Suddenly, my feet were moving, my hand raised and I slapped him as hard as I could around the face. His head turned with the weight of the blow and then came back to focus on me. The sound of my hand connecting with his cheek seemed to make the glass panes rattle in the door behind me. I grabbed my burning hand with my other one and squeezed as I willed away the pain.
‘Okay, I deserved that,’ he offered.
‘You don’t say!’
‘So, what happens now then, Lauren. Do you expect the guy you had sex with to ride in here on his white charger and to sweep you off your feet? Are you breaking up with me to move on with him?’

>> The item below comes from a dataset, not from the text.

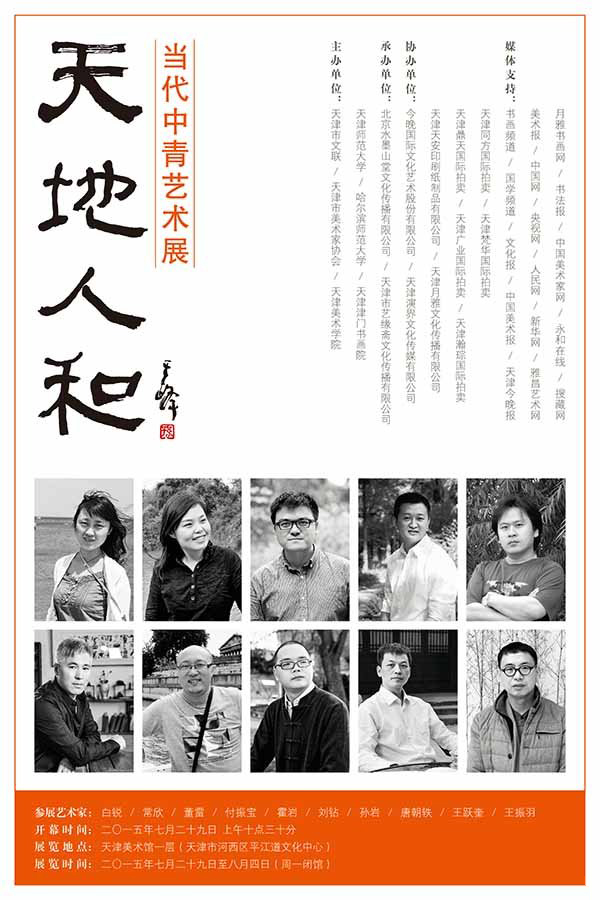 此次“天地人和”当代中青年艺术展,汇集了十位当代中青年艺术家作品,他们有一个共同的特点就是都在用他们的艺术创作,努力践行“天地人和”的宇宙生存观念,他们将天人合一的理念融入到艺术生命的整个过程,将“道法自然”的方法论融入到艺术探索的整个过程;他们不断地改变着传统,不断地改变着自己;他们是最富有创造力的一批人,也是最富有艺术激情的一批人;他们此次展出的作品视野开阔、意境深远,表达了天地人和的大美境界,同时也表达了他们在对宇宙象变过程中的艺术探索,充分展现了他们以天地大美为灵魂的艺术理想。他们中大多毕业于国内优秀的艺术院校,有的则就业于专业美术创作单位,有的直接留在高校从事美术教育工作,借此展览齐聚天津美术馆,展现他们近年来潜心追求的精品力作,正是“天地人和”精神的集中体现,展览以此为题,旨在倡导一种追求自然和谐美好的艺术精神和价值取向。

I had been, but I couldn’t tell him that. I also couldn’t say that for a very short while I had been caught up in the wonderful future Raff and I were going to have now we were back together. Now the world had finally tilted on its axis and righted our situation. Flint’s words had brought me back to reality with such an impact, I was surprised I wasn't locked upstairs struggling to breathe and crying my heart out.
‘Not that it’s got anything to do with you, but no, I’m not that bloody stupid. I may believe in happy endings. But, I no longer believe in them for me.’ I could hardly believe how calm and resolute I was being as I spoke the words to him. Only this morning I had been so happy and idealistic. Hearing what Flint had to say about his dad, had then set me onto a different path. I would always love Raff, or maybe that was, I would always love what we could have been. But I now knew it was only an unrealistic dream. Perhaps if I’d never got sick in the first place, things would have been so different.